Thank you for your enquiry. I apologize that I am unable to answer you in Spanish. Ab8366 has not yet been tested in Western blot, so it may be this antibody is not suitable for that application. You may wish to submit an Abreview of your results from the antibody datasheet. Plese take a look at ab1 and ab2185, both of which were tested in WB and cross-react with rat. I hope this information helps. Please do not hesitate to contact us if you need anything further.
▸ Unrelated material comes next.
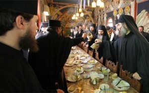 Вы, наверно, замечали, когда мы бываем в святых местах, в монастырях, как там бывает вкусно, хотя это совершенно простая, деревенская еда: картошка какая-нибудь, салат обыкновенный, капуста. Или если поста нет – молочные продукты. Как это всё вкусно! Потому что это простая, естественная еда. Она освящена молитвою, и готовится она со смирением, и вкушается она с молитвою. И присутствие благодати Божией придает пище вкус.
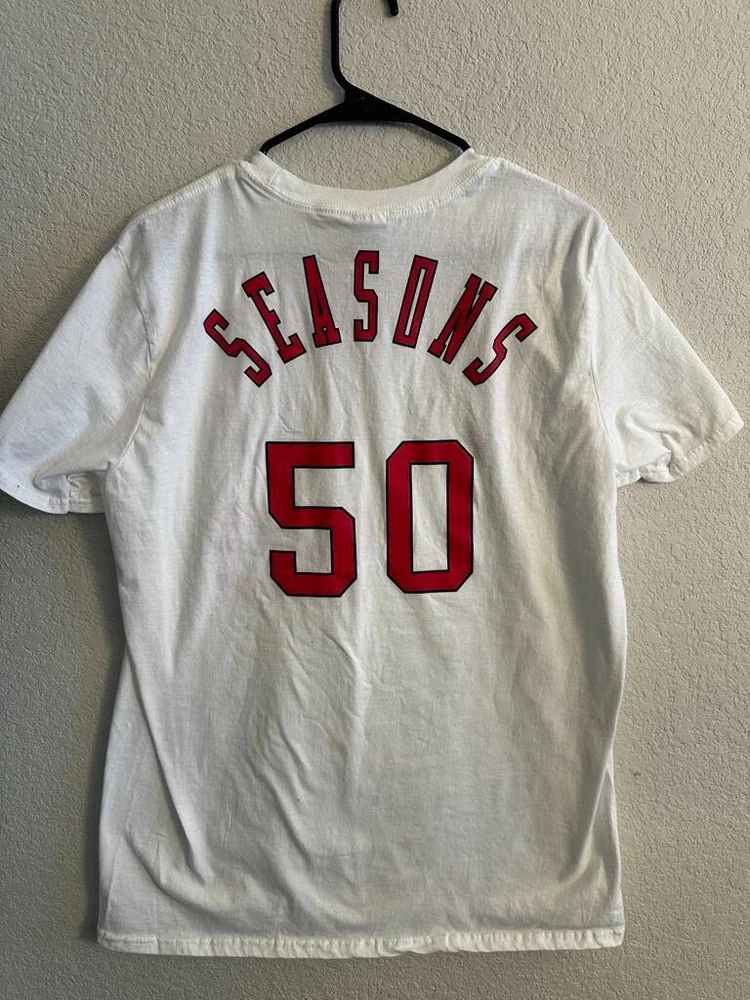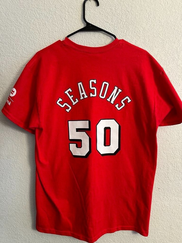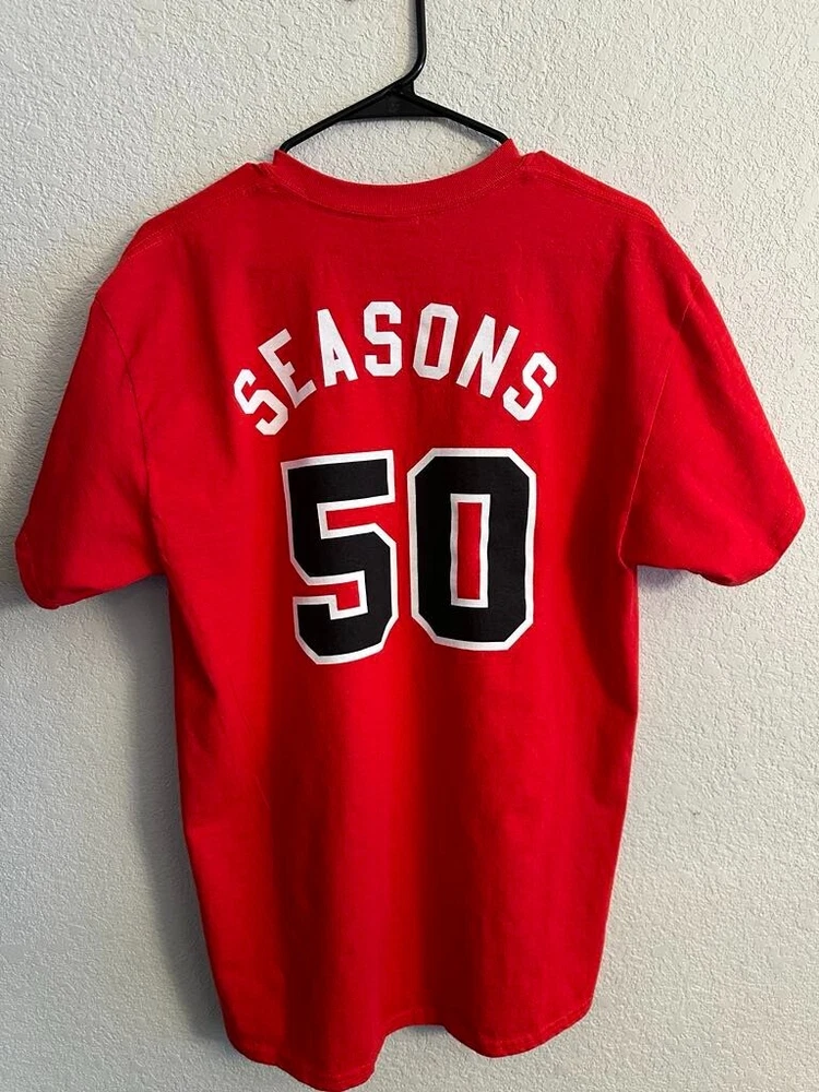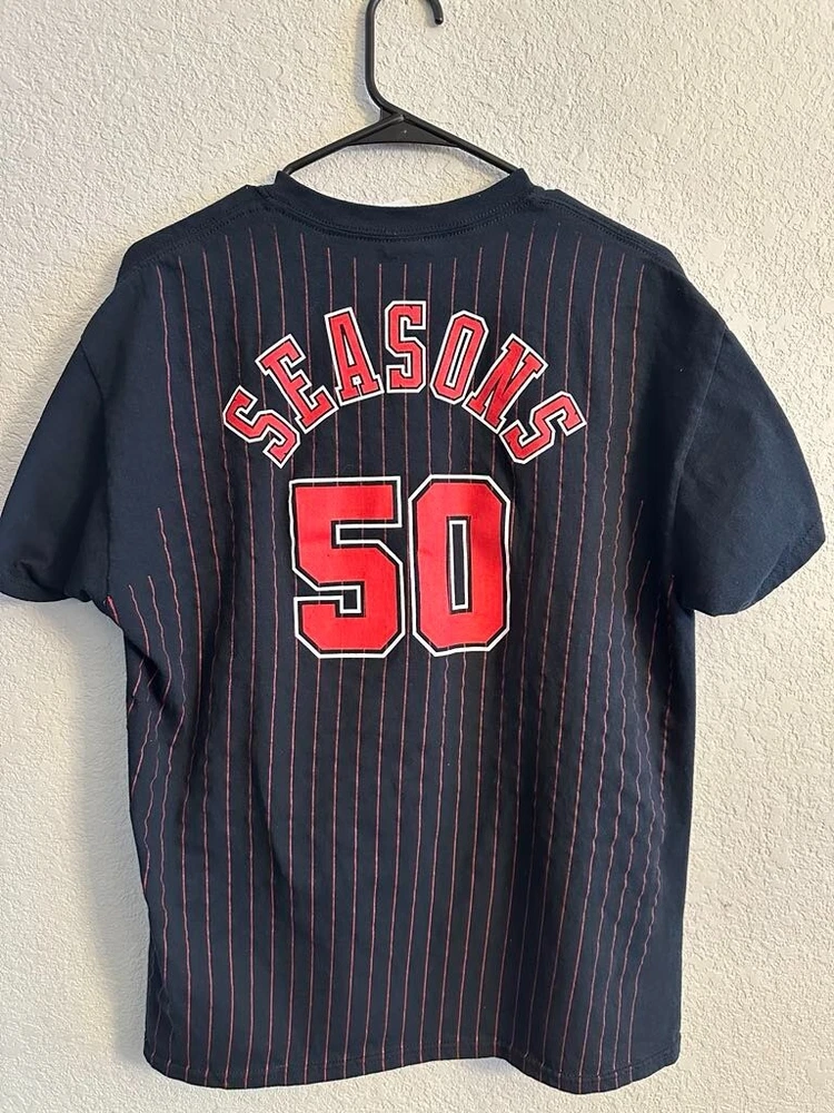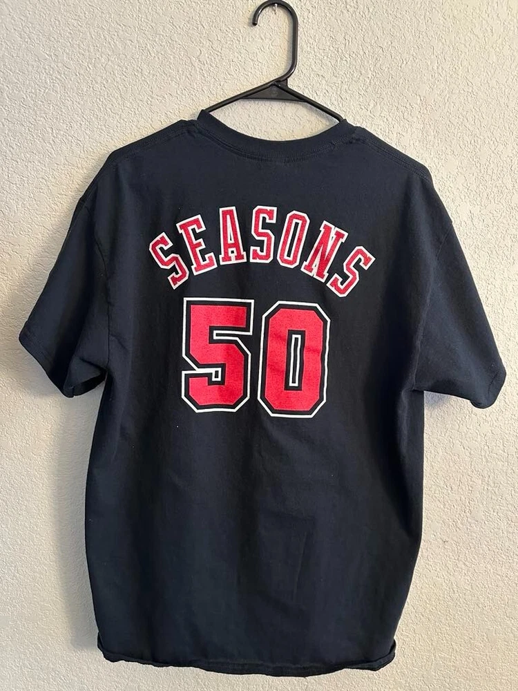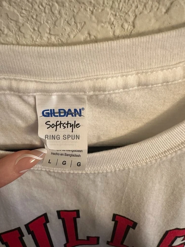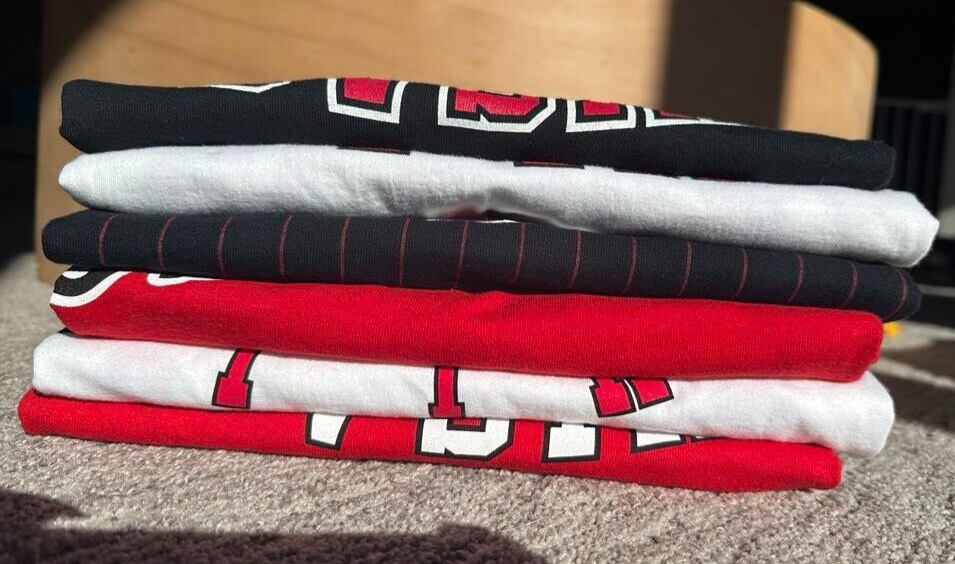 Celebrate half a century of hoop history with the Chicago Bulls NBA 50th Season Jersey-inspired T-shirts! Each T-shirt draws inspiration from the teams jerseys from each decade! - 1969 - 1974 - 1984 - 1996 - 2003 - 2016 All T-shirts are Gildan Brand and Size Large! Only 1 of each design available! NEW / Never Used or Worn / Smoke Free Home

120 kDa is the expected band but the 60 kDa band is often seen in both hypoxic and normoxic cells. The same band is often seen when using ab1 as well. We do not know what the 60 kDa band represents at this time. However, using nuclear extracts decreases this background band and increases the HIF-1 alpha signal. ***Abcam does not recommend ab8366 in Western blotting ***

Generally speaking, we recommend NB 100-131 (ab8366) for immunohistochemistry work. It has been used for western analyis on human and rat samples (MCF7 and PC12 nuclear extracts). The other antibody of which you speak is ab2185, a polyclonal made to the same fusion protein as ab1 and ab463. It has been tested on the same samples as those mentioned above. ***Update 2006: we do not recommend ab8366 for Western blotting***

The 1:8,000 dilution was done for 90 minutes at RT by some researchers at the University of Oxford with antigen unmasking. It has also been done at 1:1,000 for 40 hrs at 5C (see review for this product) with pre-treatments (Dako). The dilutions and incubation time seem to vary according to the protocol.